On the bonus side, if this works, we get a new way of exploiting GPU parallelism - because independent Vulkan queues may execute in parallel. This means that for example we could run a compute pass at the same time as we run an independent graphics pass, which may give us better GPU utilisation.
Now, where to start? Probably where I left off with the previous post- once Rendergraph assembly is complete.
In Island, once the Rendergraph has been assembled, the backend receives a list of independent subgraphs, where each subgraph guarantees that it will only access its own resources - or, if resources are shared, that these resources are strictly READ_ONLY
within the same queue family, for the full frame .
When the renderer forms subgraphs out of passes, the GPU queue requirements for all passes are accumulated: Say, you have a subgraph that consists of two passes, one COMPUTE
and a DRAW
pass, and because they use the same resource, they have been combined into a single subgraph. Now, this subgraph will have the requirements COMPUTE|DRAW
, and will only run on a queue that supports hybrid COMPUTE
and DRAW
operations. This is pretty nice, because by using a hybrid queue, we can save ourselves resource ownership transfer.

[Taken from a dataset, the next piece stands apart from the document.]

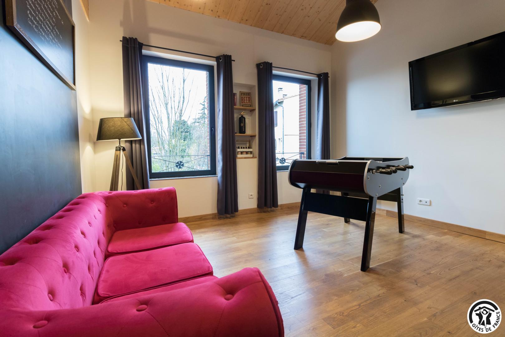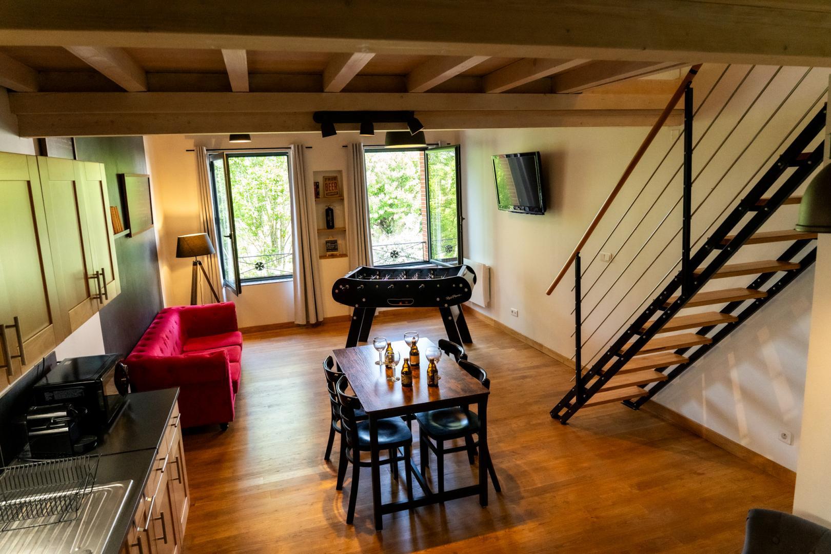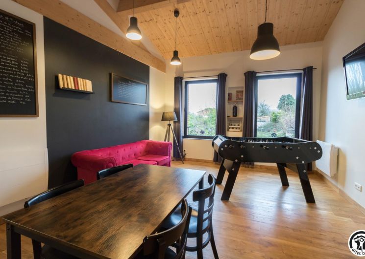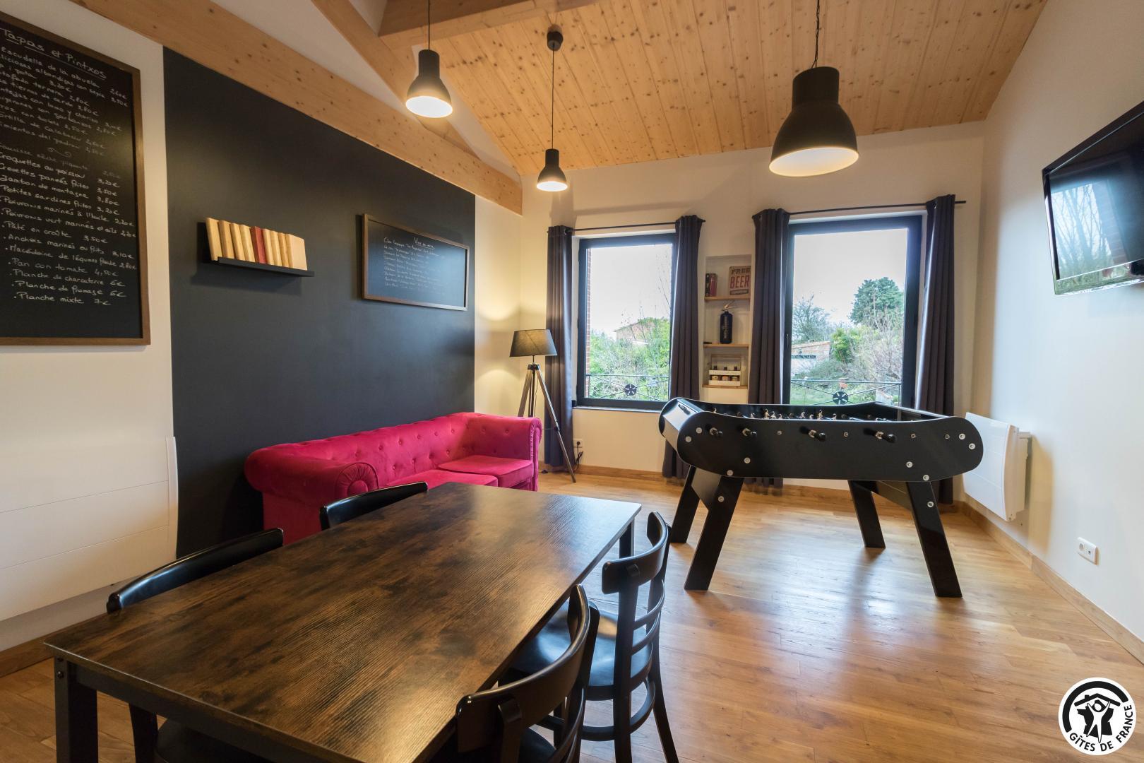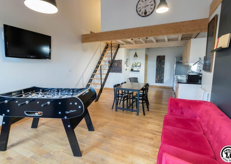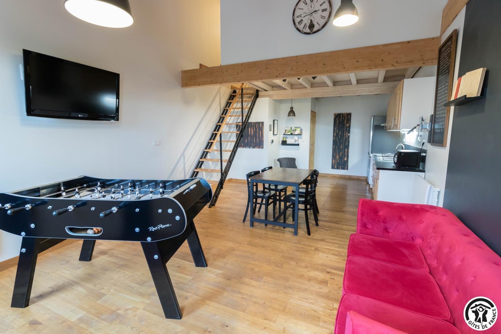 Premier étage : grand séjour lumineux avec baby-foot et TV grand écran, avec une partie cuisine.

Another nice consequence of this is that we can treat subgraphs as completely isolated from each other. And since these subgraphs are perfectly isolated from each other, the backend can translate each subgraph into a render command batch, and submit each batch on whichever matching queue is available and the most idle.
Of course, using multiple queues comes at a complexity cost: now we have the additional responsibility that all GPU queues that we bring to the party must synchronise with each other. How do they do that? Well, by talking to each other, for a start.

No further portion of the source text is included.